The US has issued a stern warning to the EU not to lift its embargo on arms sales to Beijing, as Chinese President Hu Jintao (胡錦濤) arrived in London at the beginning of a three-nation tour in which he plans to make lifting the embargo a "top priority," according to China's state-run media.
The warning was delivered by Assistant Secretary of State for Political-Military Affairs John Hillen in a speech before the 18th Global Trade Controls Conference in London last week. The State Department has just released the text of his remarks.
Hillen, the department's top official for international security and defense trade, said that the EU could find itself faced with tough military trade sanctions from the US if it lifts the embargo.
"I want to leave our European friends in no doubt that if the EU lifts its embargo on China, this will raise a major obstacle to future US defense cooperation with Europe," he said, arguing that if the embargo is lifted, Congress would impose such sanctions.
"There is no doubt as to the strength of congressional feelings on this issue. I think we can count on it: should the EU lift its embargo, the US Congress will legislate," he said.
However, whether Congress would do that is still uncertain. An effort to penalize the EU should the embargo be lifted failed in the House of Representative in July, when a business lobbying juggernaut convinced more than 100 members who had voted in favor of the penalties to change their vote at the last minute, killing the measure.
That legislation would have required the president to impose an array of penalties for at least two years against any EU nation or firm which persisted in selling China major weapons that could be used in connection with an attack on Taiwan.
Washington is especially concerned that the weapons and technology would be used against US forces coming to Taiwan's aid in the case of an attack.
Business groups, headed by the US Chamber of Commerce and such big China suppliers as the Boeing Co, would be expected to mount as strong an effort to defeat any future penalizing legislation.
Hillen welcomed the EU's efforts to strengthen its code of conduct on arms sales, which some in Europe see as an effective alternative to the embargo.
However,, he said, "we do not believe that even a strengthened code of conduct is an adequate substitute for the EU's China arms embargo," or would prevent a "qualitative or quantitative increase in EU arms transfer to China."

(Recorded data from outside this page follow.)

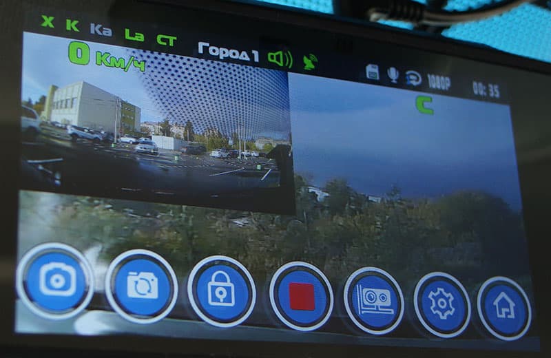 В регистраторе имеется несколько режимов отображения видео с двух камер: картинка в картинке, только поток 1 или поток 2. Меняются эти режимы тычком пальца в экран, только не в область виртуальных кнопок.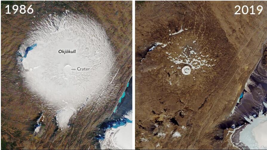 Una imagen satelital difundida por la NASA da cuenta de la gradual desaparición del enorme glaciar Okjökull (llamado por cariño Ok), que en las últimas tres décadas se fue reduciendo hasta ahora que fue declarado muerto, difunto, occiso, finado.
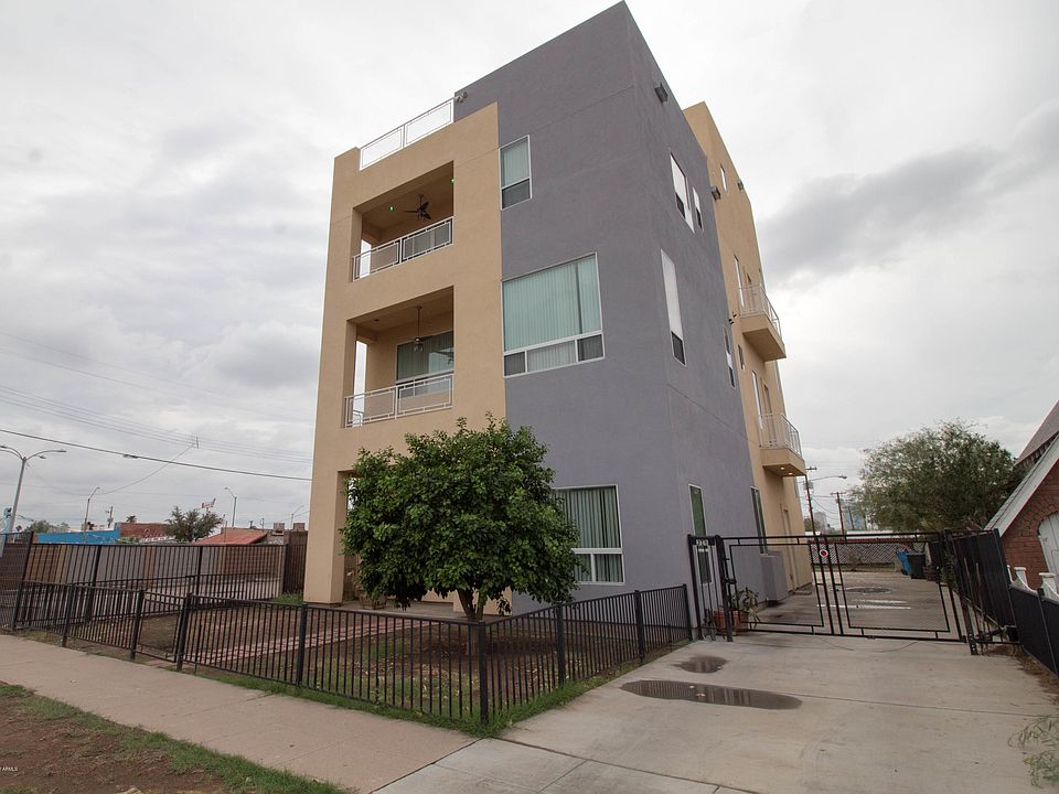 Incredible city loft living at it's finest! Custom built home or office w/ contemporary design, four levels w/elevator (ADA approved) of pure luxury! Huge great room w/ city views, 24 ft. cathedral ceilings, floor to ceiling windows, 2 gourmet kitchens w/ granite countertops, islands & breakfast bars. Loft with master suite, master bath featuring glass steam shower that seats 6, jetted tub, 2 separate toilet rooms, & massive walk in closet. Multiple balconies, over height 2 car garage, security & intercom system. No HOA! Head up to the Terraza for incredible 360 degree views of the city lights and all surrounding mountains! Close to downtown phoenix, Chase field (Diamondbacks), AMC Arizona Center 24, Garfield Elementary School, & North High School. Don't miss out on this incredible home!

Hu's trip is part of an effort to rebuild EU-Chinese relations strained by the arms embargo issue. The EU was scheduled to lift the ban last summer, but China's passage of its "Anti-Secession" Law and strong US pressure to retain the embargo, convinced the EU to keep the ban in place.
The embargo was imposed after the 1989 Tienamen Square Massacre to protest China's civil-rights record.
After visiting Europe, Hu will attend the APEC summit in South Korea and then will play host to US President George Bush in Beijing next week.
Hu and Bush will endorse a full-scale resumption of exchanges between their countries' militaries during their Beijing talks, the South China Morning Post said yesterday.
Citing unnamed sources, the Post said the leaders will back talks between their governments and militaries to explore the possibility of sending observers to take part in each other's military exercises.
The talks will cover setting up hot lines linking military commands or defense ministers and establishing joint ocean rescue exercises, areas that have long been sought by Washington but thought politically difficult by Beijing, the newspaper said.
The leaders will agree to a resumption of regular exchanges of senior and mid-level military personnel and of military academics and the reciprocal training of officers in military institutes.
Military exchange programs were suspended in 2001 when relations chilled following a series of clashes, including a collision between a Chinese fighter jet and a US surveillance plane off China's southern coast.